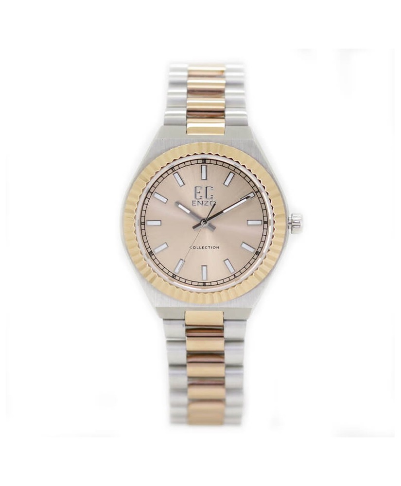 Notre montre Enzo collection de référence EC3968-E pour Femmes, Conçue avec un boîtier en acier inoxydable du couleur bi-couleur/rosé du diamètre 35 mm, un bracelet en acier inoxydable du couleur bi-couleur/rosé et un cadran rosé. La montre est livrée avec son coffret, son sac et son certificat de garantie Enzo collection d'une durée de 2 ans.
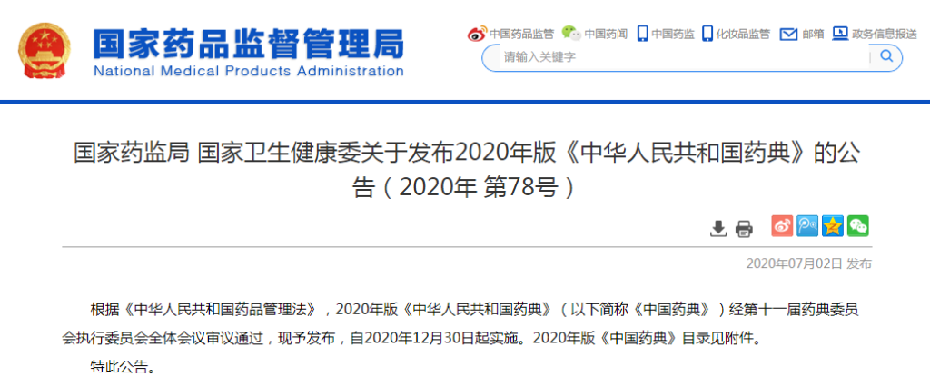 7月2日,國(guó)家藥品監(jiān)督管理局、國(guó)家衛(wèi)生健康委發(fā)布公告,正式頒布2020年版《中華人民共和國(guó)藥典》(以下簡(jiǎn)稱《中國(guó)藥典》)。新版《中國(guó)藥典》將于今年12月30日起正式實(shí)施。
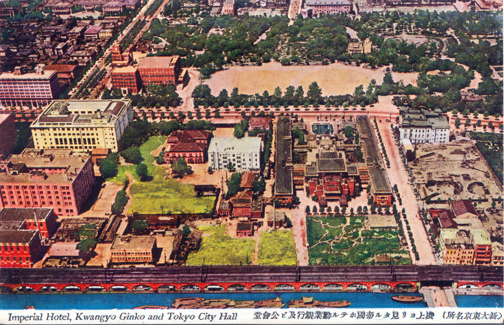 (Above:) 1. Asahi Shimbun (Newspaper); 2. Nichigeki Theater; 3. Imperial Theater; 4. Tokyo Kaikan; 5. Tokyo Metropolitan Office; 6. Marunouchi Building; 7. Kaijo Building; 8. Central Post Office; 9. Tamei Primary School; 10. Sukiyabashi Bridge.
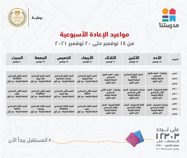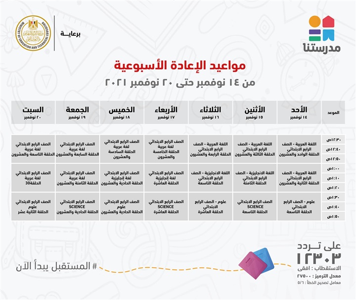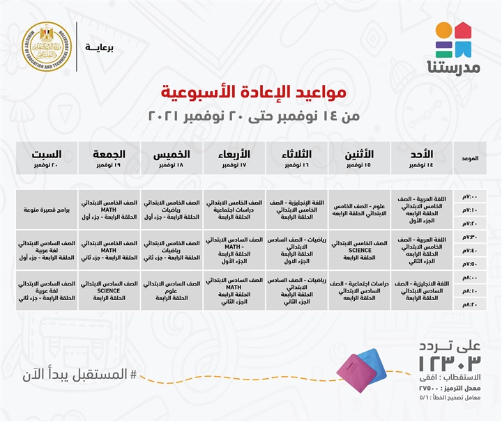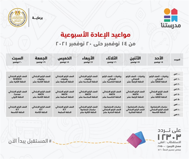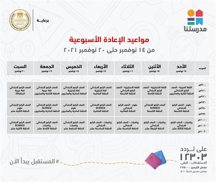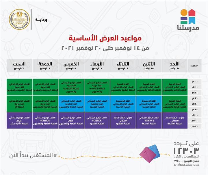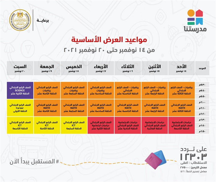 أعلننت وزارة التربية والتعليم والتعليم الفني، المواعيد الخاصه بعرض البرامج التعليمية الجديدة على قناة"مدرستنا" بالأسبوع الحالي بشهر نوفمبر 2021.
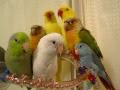 Mommy feeding baby parrotlets
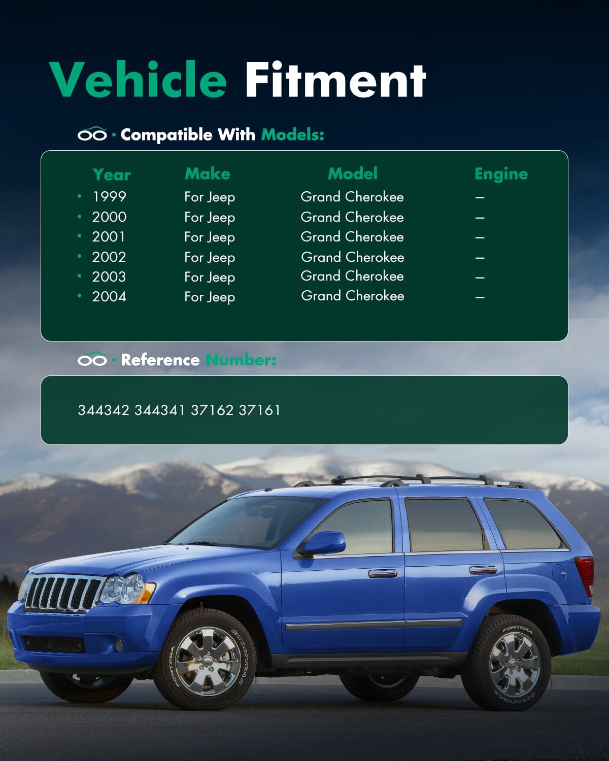 PART NUMBER.COMPATIBLE VEHICLES: Front Rear Driver and Passenger Side Shock Absorber Set: 344342 / 37162 / 344341 / 37161 with 1999 2000 2001 2002 2003 2004 for Jeep Grand Cherokee | FULL SET (4pcs): 2pcs Front (Left + Right) and 2pcs Rear (Left + Right) Shock Absorbers Shocks and Struts for Jeep. TIPS!!! Shock absorbers ONLY, not including springs,washers, bushings and mounts | SCITOO HIGH PERFORMANCE SHOCK ABSORBERS: Hard chromed piston rod, microcracks chromed surface processes and ultra-precision vertical polishing | FEATURE FOR SCITOO BARE STRUT SHOCKS: 1.Reduce vehicle bounce, roll and sway, brake dive and acceleration squat. 2.Buckle holes are consistent with the car in situ, without any changes, easy and quick installation. 3.Mono tube design dissipates heat rapidly, increasing durability and product life span. 4.Improved control and stability, precise handling, ultimate performance, and incredible comfort. 5.Quieter, smoother driving than worn or damaged struts | PURCHASING NOTICE: Please use Amazons vehicle fitment tool (located at the top of the listing on desktop, below the images on mobile) Cheack the VIN or year/make/model/trim/engine of your car

....

▶ _What this task involves_: Reproduce the material word for word, minus the images.

▶ _Your response_:
 Notre montre Enzo collection de référence EC3968-E pour Femmes, Conçue avec un boîtier en acier inoxydable du couleur bi-couleur/rosé du diamètre 35 mm, un bracelet en acier inoxydable du couleur bi-couleur/rosé et un cadran rosé. La montre est livrée avec son coffret, son sac et son certificat de garantie Enzo collection d'une durée de 2 ans.
 7月2日,國(guó)家藥品監(jiān)督管理局、國(guó)家衛(wèi)生健康委發(fā)布公告,正式頒布2020年版《中華人民共和國(guó)藥典》(以下簡(jiǎn)稱《中國(guó)藥典》)。新版《中國(guó)藥典》將于今年12月30日起正式實(shí)施。
 (Above:) 1. Asahi Shimbun (Newspaper); 2. Nichigeki Theater; 3. Imperial Theater; 4. Tokyo Kaikan; 5. Tokyo Metropolitan Office; 6. Marunouchi Building; 7. Kaijo Building; 8. Central Post Office; 9. Tamei Primary School; 10. Sukiyabashi Bridge.
 أعلننت وزارة التربية والتعليم والتعليم الفني، المواعيد الخاصه بعرض البرامج التعليمية الجديدة على قناة"مدرستنا" بالأسبوع الحالي بشهر نوفمبر 2021.
 Mommy feeding baby parrotlets
 PART NUMBER.COMPATIBLE VEHICLES: Front Rear Driver and Passenger Side Shock Absorber Set: 344342 / 37162 / 344341 / 37161 with 1999 2000 2001 2002 2003 2004 for Jeep Grand Cherokee | FULL SET (4pcs): 2pcs Front (Left + Right) and 2pcs Rear (Left + Right) Shock Absorbers Shocks and Struts for Jeep. TIPS!!! Shock absorbers ONLY, not including springs,washers, bushings and mounts | SCITOO HIGH PERFORMANCE SHOCK ABSORBERS: Hard chromed piston rod, microcracks chromed surface processes and ultra-precision vertical polishing | FEATURE FOR SCITOO BARE STRUT SHOCKS: 1.Reduce vehicle bounce, roll and sway, brake dive and acceleration squat. 2.Buckle holes are consistent with the car in situ, without any changes, easy and quick installation. 3.Mono tube design dissipates heat rapidly, increasing durability and product life span. 4.Improved control and stability, precise handling, ultimate performance, and incredible comfort. 5.Quieter, smoother driving than worn or damaged struts | PURCHASING NOTICE: Please use Amazons vehicle fitment tool (located at the top of the listing on desktop, below the images on mobile) Cheack the VIN or year/make/model/trim/engine of your car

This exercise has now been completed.